WRITTEN BYJames Price | JPAbusiness

Gerard-Thumbv3I recently welcomed Delta Ag co-founder and managing director Gerard Hines to the Let’s Talk Business podcast.

Gerard oversaw the company’s recent $475 million sale to Elders, and shared some of the experiences and lessons that took him from 25% owner in a one-man retail business, to helming a national agribusiness with $850 million in revenue, 450 employees and 80 agronomists.

Based on our chat, here’s my take on 5 key contributors to Gerard’s success:

  1. Skin in the game creates accountability and long-term thinking
    From being forced to buy 25% of a small business at age 23 to structuring Delta Ag’s equity model, Gerard consistently required owners and leaders to invest personally. This ensured commitment, careful decision-making and alignment between effort, risk and reward.
  2. Compete on value, not price
    Embedding qualified agronomists into retail was a radical move that shifted the business from price competition to trusted advisory services.
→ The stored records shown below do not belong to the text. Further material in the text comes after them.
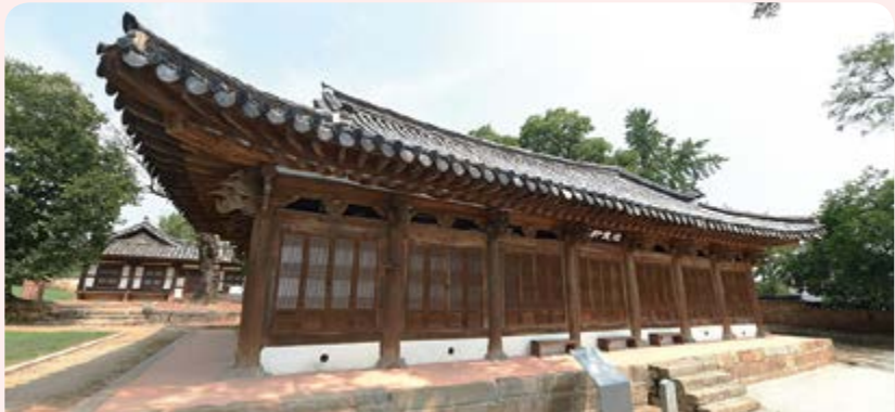
김제동헌(시도유형문화재 제60호) 옛 고을 수령의 집무공간으로 현재는 백성에 더 가까이 다가간다는 뜻으로 근민헌이라는 현판이 걸려있다. 김제시 동헌4길 46-1(교동)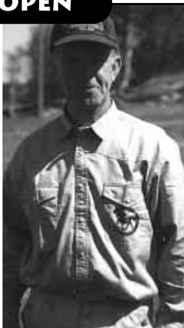
Ursnygg klubb skjorta, eucalyptus med vinrött tryck! Modell: Nisse.

Materialansvarig: Ulrika Persson 0300-213 92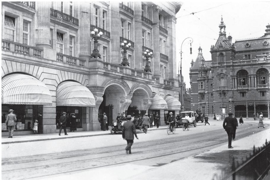
Maison Hirsch & Cie

De opening van de Apple Store aan het Leidseplein in Amsterdam is een volgend stadium in de grote ontwikkelingen rond winkelen die de afgelopen decennia het uiterlijk, maar vooral ook het gebruik van de stad transformeerde. Aan de ene kant worden die veranderingen veroorzaakt door nieuwe

By delivering independent, high-quality advice, Delta Ag built loyalty, pricing power and a durable competitive advantage.
  3. Financial discipline beats aggressive growth
    Gerard combined entrepreneurial drive with public-company discipline: strong balance sheets, zero debt at launch, rigorous systems, tight inventory control and daily margin reporting. This conservatism allowed Delta Ag to survive cycles, grow during downturns and profit from acquisitions without overextending.
  4. Aligned ownership builds culture, loyalty and scalability
    Delta Ag’s carefully designed equity model – limited entry, equal rules for all and equity used in acquisitions – created fairness, retained key people and protected goodwill. Vendors and employees became long-term partners, not short-term sellers or staff.
  5. Trust people, stay close to the ground, and be patient
    Gerard prioritised culture over structure, remained deeply engaged with customers and staff, and made decisive people decisions when needed. His patience, loyalty and common-sense leadership allowed Delta Ag to scale nationally without losing its core values.

In essence, Gerard’s success came from blending entrepreneurial instinct with discipline – aligning ownership, protecting culture, managing risk conservatively and relentlessly focusing on trust and value creation.
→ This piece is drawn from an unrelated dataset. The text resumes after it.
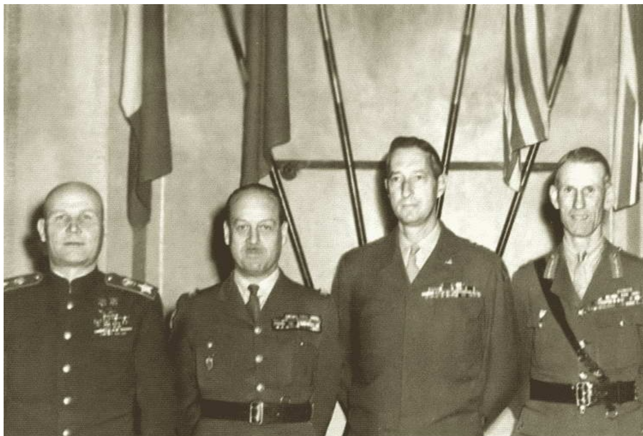
Представители союзного командования: маршал Конев, генерал Бетуар (Франция), генерал Кларк (США) и генерал Маккрири (Великобритания)

You can watch our podcast interview on YouTube or listen on your preferred podcast app.

I’ve also included a summarised version of our interview below.

Humble beginnings

Gerard’s journey to building one of Australia’s largest agribusiness service companies began with humble roots on a family farm in Wallendbeen, NSW.

Originally intending to remain a farmer, his path shifted in his early 20s when he accepted a role with a small fertiliser business. Despite being “shy and insecure” at the time, Gerard discovered a strong affinity for the competitive nature of agricultural retail and the challenge of finding commercial advantage.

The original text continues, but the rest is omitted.